- Input data
● ● ● ● ● ● ●

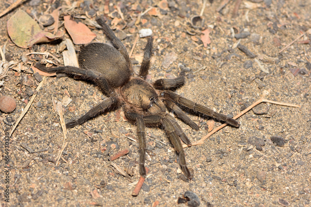 Closeup of the Middle East gold tarantula Chaetopelma olivaceum (Araneae: Theraphosidae), one of the largest Mediterranean spider species photographed in its biotope in Paphos, Cyprus.
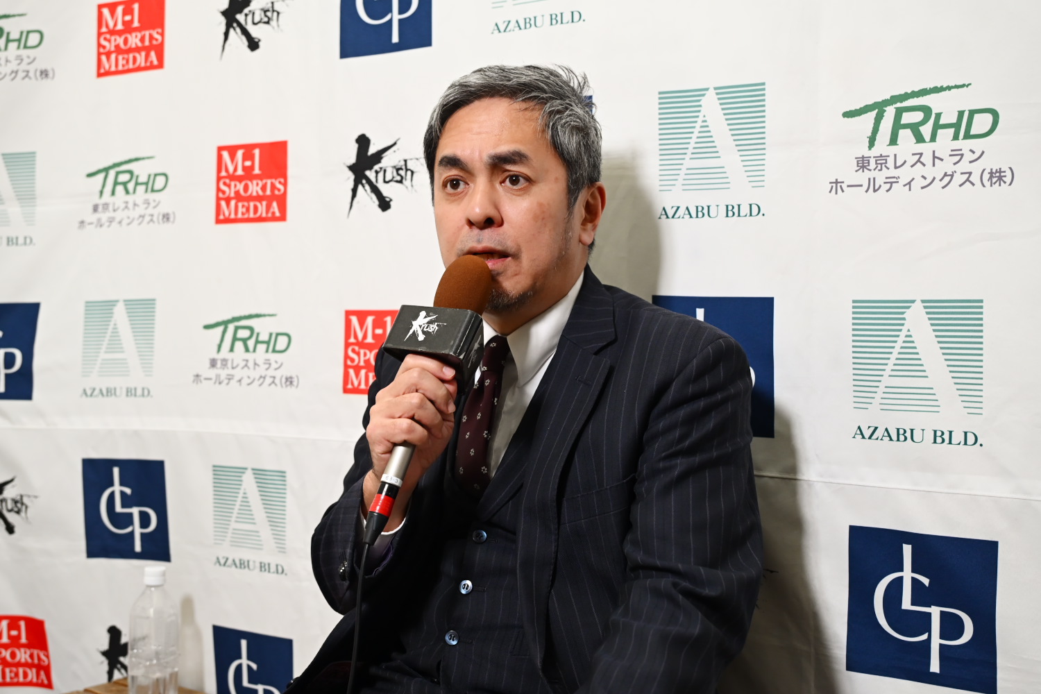 (大会後、須藤さんとお話は?)いや僕話してないんですよ。判定が多くて、KOが多かったら良かったんですけどね。週1で毎週会議で会いますし、それ以外でもコミュニケーション取ってるんですけど、1回Krushに来て欲しかったんですよ。今回来てくれたんで、そういうの(=感想)も含めて、来年の話を須藤プロデューサーとしていきたいですね。(須藤さんは)不思議なこと言うんで、楽しいんですけど。須藤さんはK-1を盛り立ててかなきゃいけないし、あの僕は僕でKrushの立場でどんどん選手作っていかなきゃいけないし、一緒に頑張っていこうと思いますね。
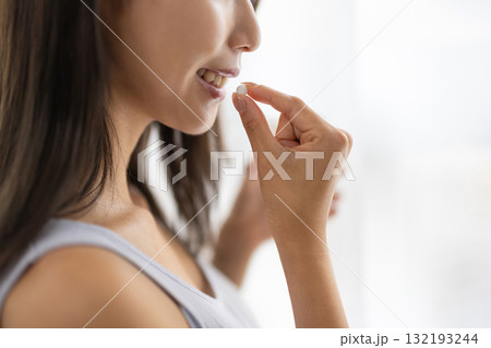 錠剤を飲もうとするミドル女性
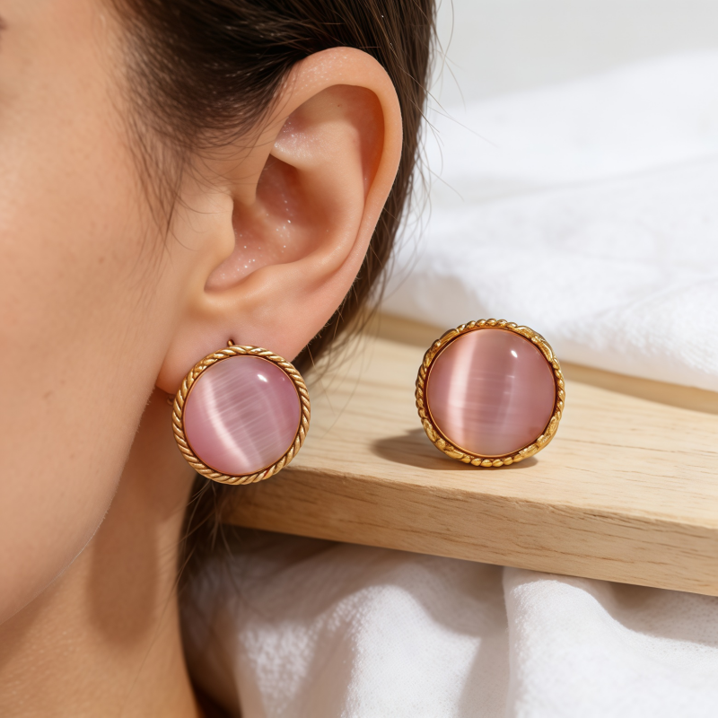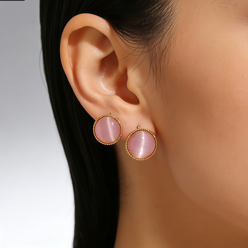 Decrease quantity for PINK CAT'S EYE STUD EAR/GLD
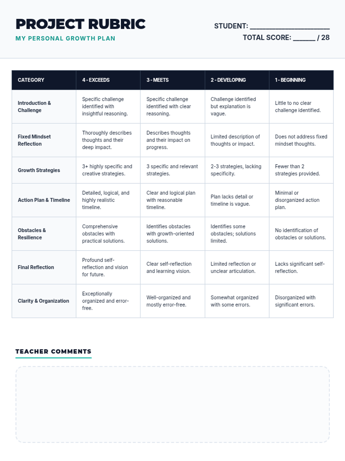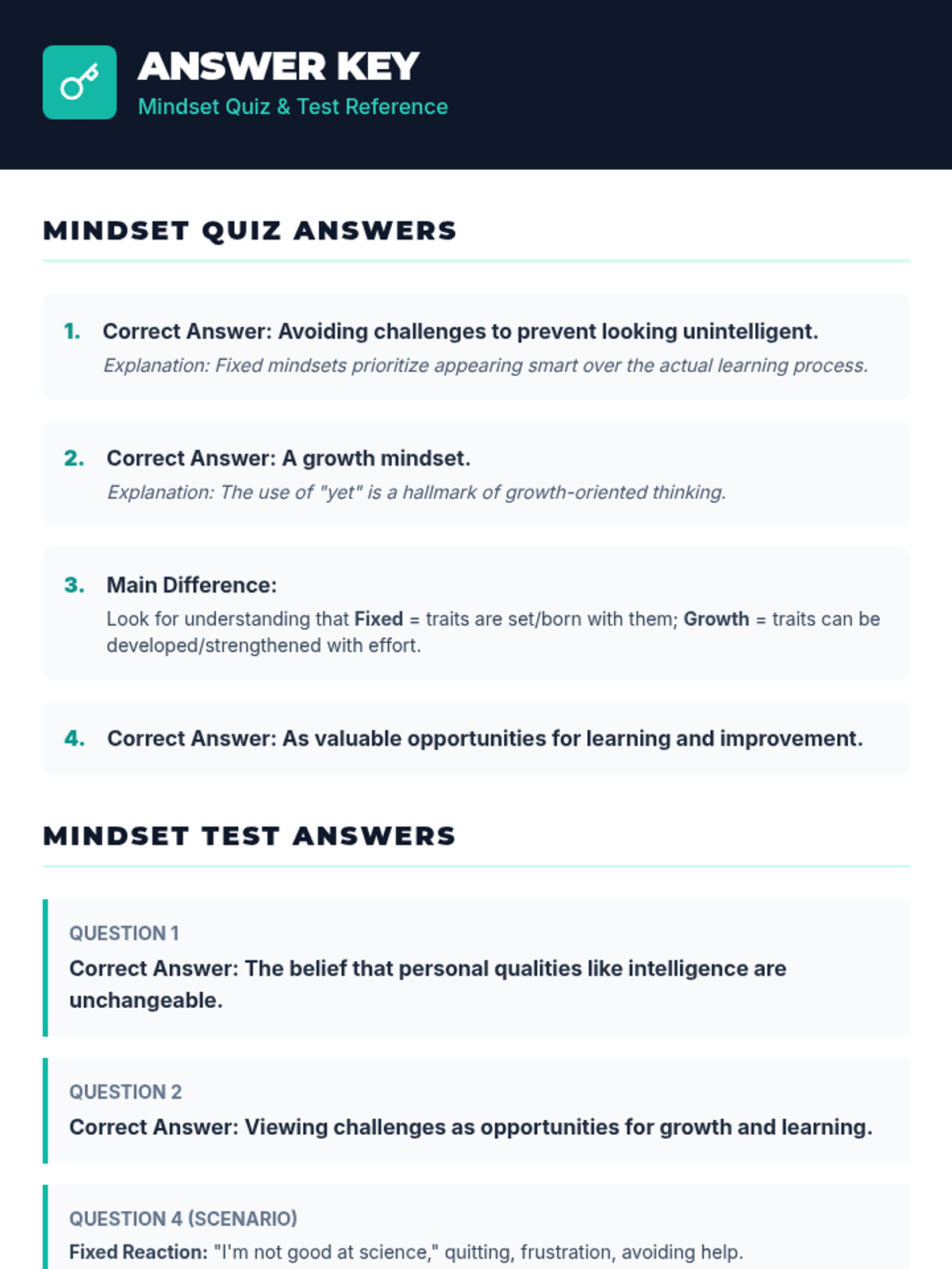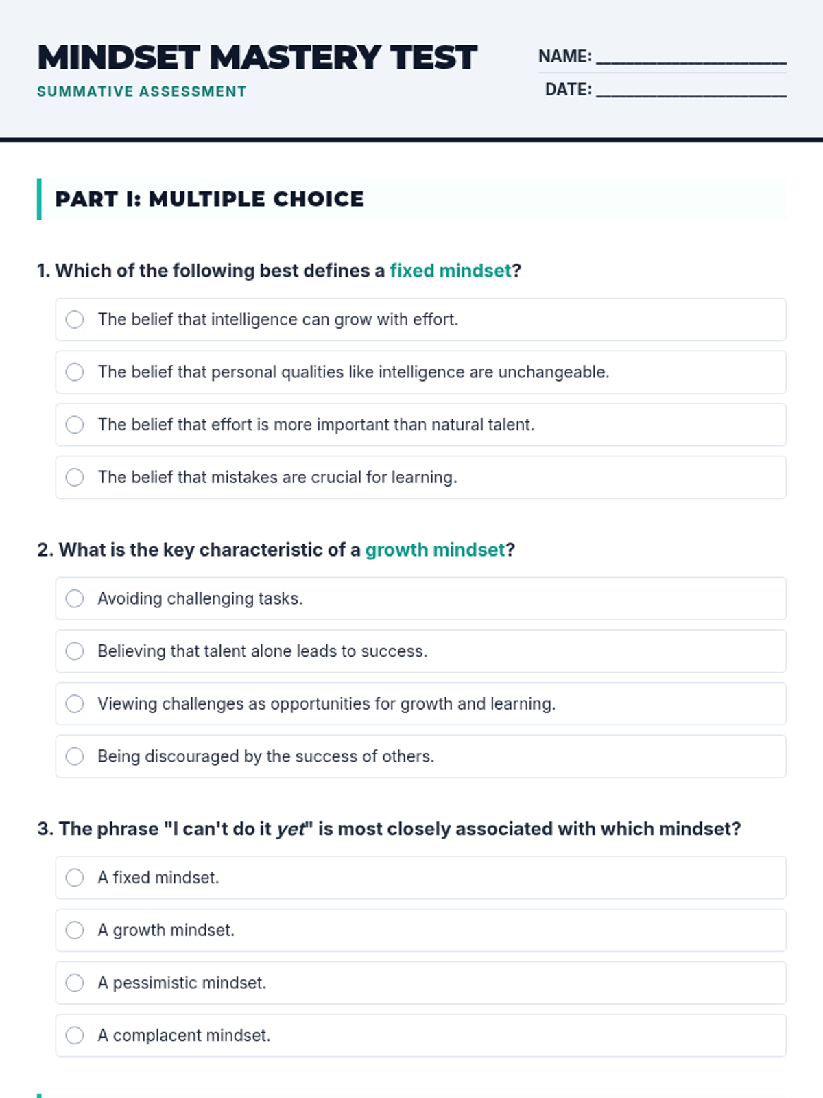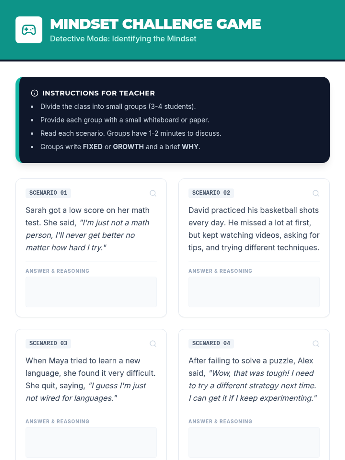 This comprehensive lesson introduces students to the concept of a growth mindset, helping them understand that their intelligence and abilities can develop through dedication and hard work. It's crucial for fostering resilience and a love for learning in all K-12 students. This single session is designed for a 1-hour class.
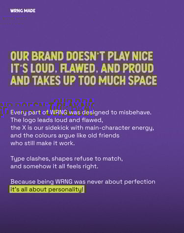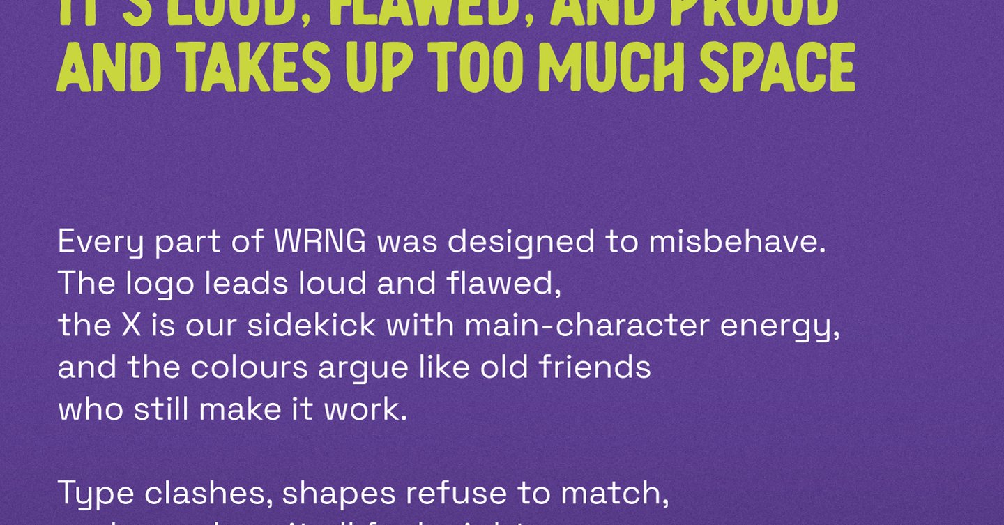 Created for a new generation of confident misfits who value honesty over polish, WRNG speaks to those who find beauty in what feels real. Every element, from typography and colour to imagery and interaction, embraces contradiction: raw yet refined, loud yet minimal, wrong yet irresistibly right.
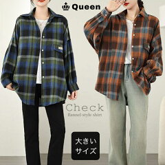 チェック柄シャツ 長袖 大きいサイズ レディース トップス オーバーサイズ 体型カバー 起毛 秋服 冬服 春服 LL 3L 4L 5L 6L
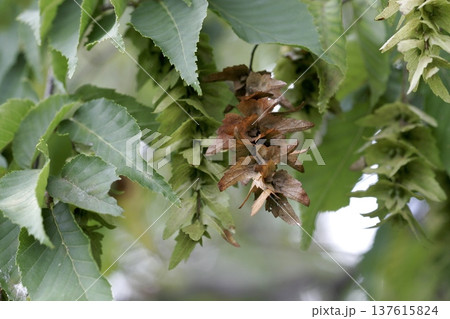 アカシデ(Carpinus laxiflora)の実 秋に熟す果実と果苞 東北
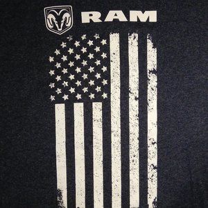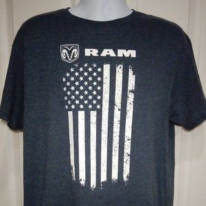 DODGE RAM TEE - BLUISH-GREY w/ WHITE PRINT, US FLAG IMAGE, BREATHABLE FABRIC FOR COMFORT, NO DAMAGE, LIKE NEW, READY TO SHIP TO YOU NOW!
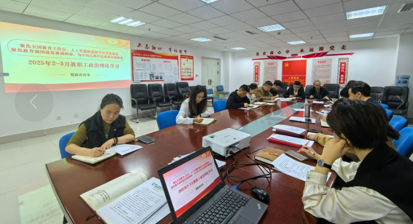 为深入学习贯彻习近平总书记关于教育的重要论述,认真落实学校第三次党代会精神,3月27日上午,党政办公室在D1417会议室组织召开了2025年2—3月政治理论学习。会议由党政办公室主任唐勇主持,部门全体教职工参加。
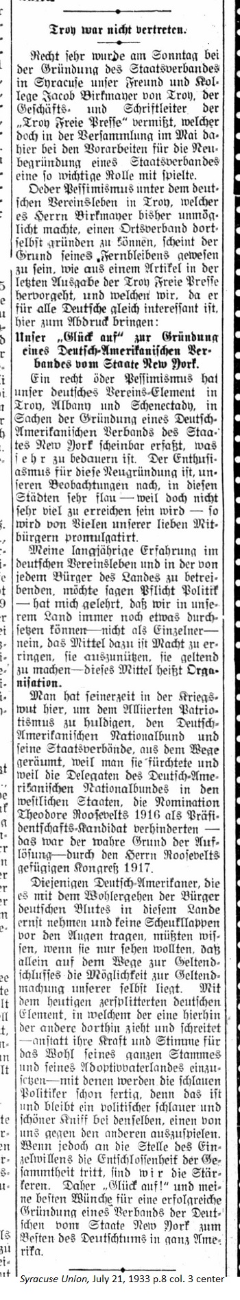 July 21, 1933 page 8 _____ Baseless pessimism within German societal life in Troy made it impossible for Mr. Birkmayer to establish a local association, it seems to be the reason for his staying away now, as an article in the last issue of the Troy Free Press indicates and which we, since it will be of interest to all Germans, print here: A truly baseless pessimism has apparently seized our German social groups in Troy, Albany, and Schenectady in the matter of the founding of a German-American Association of the State of New York and this is regretable. Enthusiasm for this new founding in our State is, based on our observations, embarassing — because not much will be achieved — so proclaimed many of our beloved fellow citizens. My many years of experience in German societal life and in the activities of all citizens of this country, perhaps called political duty, have taught me that we always accomplish something in this country not as individuals but through a medium — this is the means to gain power, exercise it, make it effective — this medium is called Organization. Back in the days of wartime rage, in to embrace Allies Patriotism, the German-American National Bund and its State associations moved aside because people feared them and because the delegates of the German-American National Bund in the western states hindered the nomination of Theodore Roosevelt in 1916 as a presidential candidate. That was the real reason for the dissolution — the 1917 Congress made docile by Roosevelt.* Those German-Americans, who are seriously concerned with the wellbeing of citizens of German blood in this country and who do not wear blinders and just look around they will see that the only way to carry weight is to assert ourselves. With the currently splintered German element, in which one side marches forward and the other side lags behind instead of using their power and advocating for the good of the entire race and their adopted fatherland — the clever politican is skilled in this art and uses this trick to play one side against the other. When the resolve of the collective replaces the will of the individual we become stronger. Therefore "Good Luck!" and my best wishes for the sucessful founding of an Association of Germans in the State of New York to benefit the German community and all of America. _____ [*Translator's Note: The first two of three obituaries for Theodore Roosevelt helps explain why German-Americans disliked him. See Roosevelt Obituaries-January 9, 1919] |
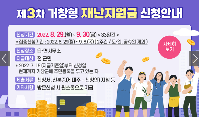 22년 7월 15일 기준으로 거창군에 주민등록상 주소로 등록이 되어 있는 시민을 기준으로 재난지원금이 지급된다고 합니다. 하지만, 사망자나 외국인, 재외국민은 제외가 되는데 예외 사항도 있으니 외국인도 이에 대해 한번 자세히 알아보실 것을 추천합니다.
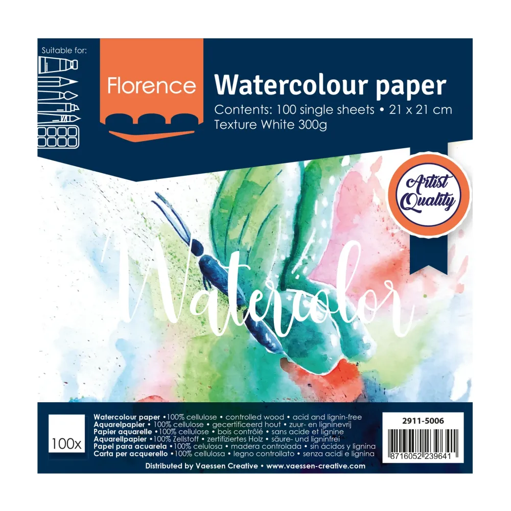 Het Florence aquarelpapier A4 van Vaessen Creative is kwalitatief ruw aquarelpapier voor allerlei toepassingen, waaronder tekenen, schetsen, handlettering, stempelen, aquarel verven en aquarelleren met potloden. Het heet geperste aquarelpapier met een gewicht van 300 g/m² heeft een ruw oppervlak met veel textuur en wordt graag gebruikt door zowel kunstenaars als hobbyisten van alle leeftijden. Het papier bestaat voor 100% uit cellulose en is zuur- en ligninevrij waardoor het bestand is tegen veroudering en levendige kleuren worden behouden.
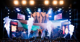 Frei Gilson entoa cânticos e reza para uma multidão em show na Festa do Peão de Barretos
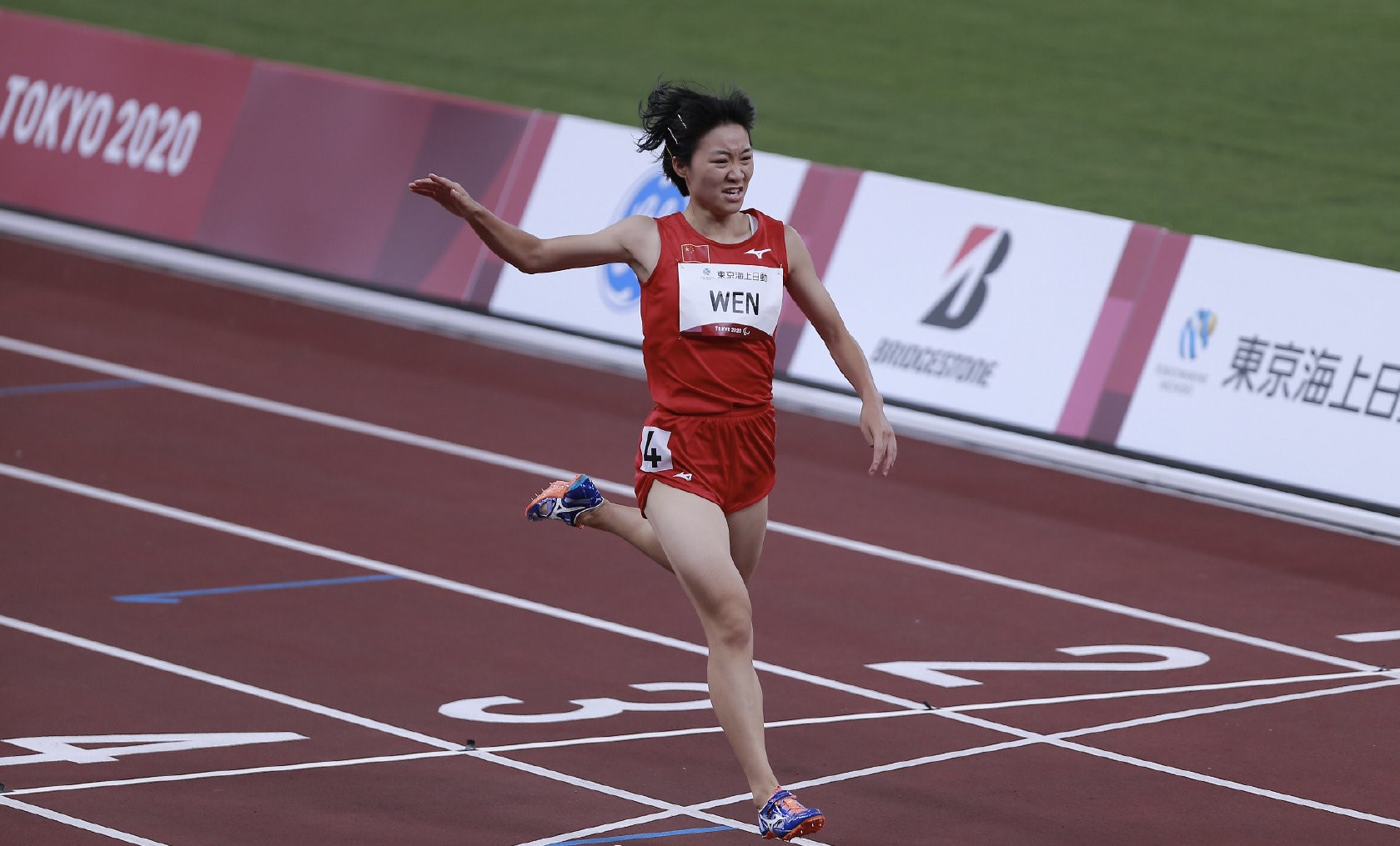 田径女子200米T37决赛,文晓燕以26秒58的成绩打破自己保持的世界纪录夺冠。

● ● ● ● ● ● ●

- Task requirements
Repeat the records above exactly, without any pictures.

- Solution for this problem
 Closeup of the Middle East gold tarantula Chaetopelma olivaceum (Araneae: Theraphosidae), one of the largest Mediterranean spider species photographed in its biotope in Paphos, Cyprus.
 (大会後、須藤さんとお話は?)いや僕話してないんですよ。判定が多くて、KOが多かったら良かったんですけどね。週1で毎週会議で会いますし、それ以外でもコミュニケーション取ってるんですけど、1回Krushに来て欲しかったんですよ。今回来てくれたんで、そういうの(=感想)も含めて、来年の話を須藤プロデューサーとしていきたいですね。(須藤さんは)不思議なこと言うんで、楽しいんですけど。須藤さんはK-1を盛り立ててかなきゃいけないし、あの僕は僕でKrushの立場でどんどん選手作っていかなきゃいけないし、一緒に頑張っていこうと思いますね。
 錠剤を飲もうとするミドル女性
 Decrease quantity for PINK CAT'S EYE STUD EAR/GLD
 This comprehensive lesson introduces students to the concept of a growth mindset, helping them understand that their intelligence and abilities can develop through dedication and hard work. It's crucial for fostering resilience and a love for learning in all K-12 students. This single session is designed for a 1-hour class.
 Created for a new generation of confident misfits who value honesty over polish, WRNG speaks to those who find beauty in what feels real. Every element, from typography and colour to imagery and interaction, embraces contradiction: raw yet refined, loud yet minimal, wrong yet irresistibly right.
 チェック柄シャツ 長袖 大きいサイズ レディース トップス オーバーサイズ 体型カバー 起毛 秋服 冬服 春服 LL 3L 4L 5L 6L
 アカシデ(Carpinus laxiflora)の実 秋に熟す果実と果苞 東北
 DODGE RAM TEE - BLUISH-GREY w/ WHITE PRINT, US FLAG IMAGE, BREATHABLE FABRIC FOR COMFORT, NO DAMAGE, LIKE NEW, READY TO SHIP TO YOU NOW!
 为深入学习贯彻习近平总书记关于教育的重要论述,认真落实学校第三次党代会精神,3月27日上午,党政办公室在D1417会议室组织召开了2025年2—3月政治理论学习。会议由党政办公室主任唐勇主持,部门全体教职工参加。
 July 21, 1933 page 8 _____ Baseless pessimism within German societal life in Troy made it impossible for Mr. Birkmayer to establish a local association, it seems to be the reason for his staying away now, as an article in the last issue of the Troy Free Press indicates and which we, since it will be of interest to all Germans, print here: A truly baseless pessimism has apparently seized our German social groups in Troy, Albany, and Schenectady in the matter of the founding of a German-American Association of the State of New York and this is regretable. Enthusiasm for this new founding in our State is, based on our observations, embarassing — because not much will be achieved — so proclaimed many of our beloved fellow citizens. My many years of experience in German societal life and in the activities of all citizens of this country, perhaps called political duty, have taught me that we always accomplish something in this country not as individuals but through a medium — this is the means to gain power, exercise it, make it effective — this medium is called Organization. Back in the days of wartime rage, in to embrace Allies Patriotism, the German-American National Bund and its State associations moved aside because people feared them and because the delegates of the German-American National Bund in the western states hindered the nomination of Theodore Roosevelt in 1916 as a presidential candidate. That was the real reason for the dissolution — the 1917 Congress made docile by Roosevelt.* Those German-Americans, who are seriously concerned with the wellbeing of citizens of German blood in this country and who do not wear blinders and just look around they will see that the only way to carry weight is to assert ourselves. With the currently splintered German element, in which one side marches forward and the other side lags behind instead of using their power and advocating for the good of the entire race and their adopted fatherland — the clever politican is skilled in this art and uses this trick to play one side against the other. When the resolve of the collective replaces the will of the individual we become stronger. Therefore "Good Luck!" and my best wishes for the sucessful founding of an Association of Germans in the State of New York to benefit the German community and all of America. _____ [*Translator's Note: The first two of three obituaries for Theodore Roosevelt helps explain why German-Americans disliked him. See Roosevelt Obituaries-January 9, 1919] |
 22년 7월 15일 기준으로 거창군에 주민등록상 주소로 등록이 되어 있는 시민을 기준으로 재난지원금이 지급된다고 합니다. 하지만, 사망자나 외국인, 재외국민은 제외가 되는데 예외 사항도 있으니 외국인도 이에 대해 한번 자세히 알아보실 것을 추천합니다.
 Het Florence aquarelpapier A4 van Vaessen Creative is kwalitatief ruw aquarelpapier voor allerlei toepassingen, waaronder tekenen, schetsen, handlettering, stempelen, aquarel verven en aquarelleren met potloden. Het heet geperste aquarelpapier met een gewicht van 300 g/m² heeft een ruw oppervlak met veel textuur en wordt graag gebruikt door zowel kunstenaars als hobbyisten van alle leeftijden. Het papier bestaat voor 100% uit cellulose en is zuur- en ligninevrij waardoor het bestand is tegen veroudering en levendige kleuren worden behouden.
 Frei Gilson entoa cânticos e reza para uma multidão em show na Festa do Peão de Barretos
 田径女子200米T37决赛,文晓燕以26秒58的成绩打破自己保持的世界纪录夺冠。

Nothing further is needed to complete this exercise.